Arrow-right Camera
The Spokesman-Review Newspaper
Spokane, Washington  Est. May 19, 1883

Clinton Remains Optimistic But Says If Strike Continues, Replacements Will Stain Game

From Wire Reports

With just eight days left before the scheduled start of replacement baseball, President Clinton said Saturday he still hopes for a settlement that could bring back the striking major leaguers.

Clinton said he thought replacement players would stain the game, and predicted Little League teams would attract more interest than replacements. He said that if there isn’t a settlement soon, interest in baseball could drop to the level of soccer.

“I think people will be more interested in their minor leagues, the teams in their own Little Leagues in their communities, than they are in major league baseball,” Clinton said during an interview with ESPN radio. “It could become a community sport again, almost the way soccer is, if they don’t fix it.”

The sides didn’t talk Saturday, when mediator W.J. Usery went to Georgia because of a death in his family.

Usery said Friday night the next move was up to acting commissioner Bud Selig, who was due to telephone union head Donald Fehr sometime this weekend. Management lawyer Chuck O’Connor said he expected Selig and Fehr would be in touch either Saturday night or Sunday.

“I haven’t heard from him,” Fehr said Saturday night. “He was supposed to call me Friday. He was supposed to call Thursday and Wednesday.”

The National Labor Relations Board, meanwhile, is expected to give permission this week to seek an injunction against owners.

“I think there’s still a chance,” Clinton said. “Mr. Usery, the person I appointed to mediate this, is still working. And of course there are some developments involving - in the courts - involving the NLRB decisions that could have an impact on this.

“But I have to say, I will say again, I think both the players and the owners have to be aware the ultimately this game depends on the fans. And if the fans finally get sick of it and decide they’d rather do something else, that’s not good for baseball. And in the end, that is the ultimate hazard, that if it become so painfully clear that it’s no longer a sport and it’s just a business, then the customers may decide to take their business elsewhere.”

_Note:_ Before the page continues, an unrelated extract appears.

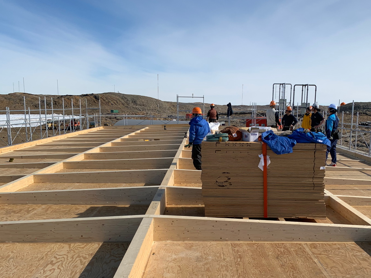自分に関係する作業がないときには,他の部門の作業を支援します.私は建築作業を支援しました.写真は「新夏宿」の作業現場です.「夏宿」とは,観測隊員が昭和基地に到着し,基地の管理・運営を始めるまでの間,生活する場所のことです.現在の夏宿は,2箇所に別れていることや水回りに制約があること,手狭であることなどから新しい夏宿の建築が数年前から始まりました.完成はしばらく先になるそうですが,新しい夏宿に泊まってみたいですね.(小)

Clinton said the strike would permanently stain baseball.

“Just like the strike last year,” he said. “We were on the verge of having a shattering season in the best sense. … And the, boom, all of a sudden there was the strike and it was over with. So I think if you put that with a season of replacement players, I think there’s going to be a lot of diminished enthusiasm.”

Strike talk

The union may be in danger of splintering. The smoke that foretells of a growing conglagration within the ranks is rising; the rumors of players crossing are moungint. These days, conversations with strikers, as a general rule, go something like this: Five minutes of on-the-record, anti-owner rhetoric, followed by a pause, followed by the quiet question, “What do you think?”

They are having doubts. In 1972, when the average salary was about $20,000 and players were tied to their teams for life, fighting a prolonged battle with owners made sense. The objectives were clear and tangible. Now, when the median salary is about $500,000 per year and union members can play baseball for four or five years and never have to work another day in their lives, waging war doesn’t make as much sense. The rewards of playing - even under the owners’ salary cap proposal - are too fantastic to walk away from without internal debate. One question they are asking themselves is, why? The objectives aren’t quite so clear anymore.

The owners’ objective, however, is real and obtainable - break the union. If the hawks among the owners maintain control of the bargaining strategy and season actually begins with replacement players, they will sit back and wait for the Players Association to fall apart.

It’s interesting that so many players are lauding Orioles Owner Peter Angelos for speaking his mind and taking a stand for what he thinks is right. Phillies outfielder Lenny Dykstra did about the same thing, breaking ranks with his peers, and got blasted for doing so. Guess it’s all a matter of perspective.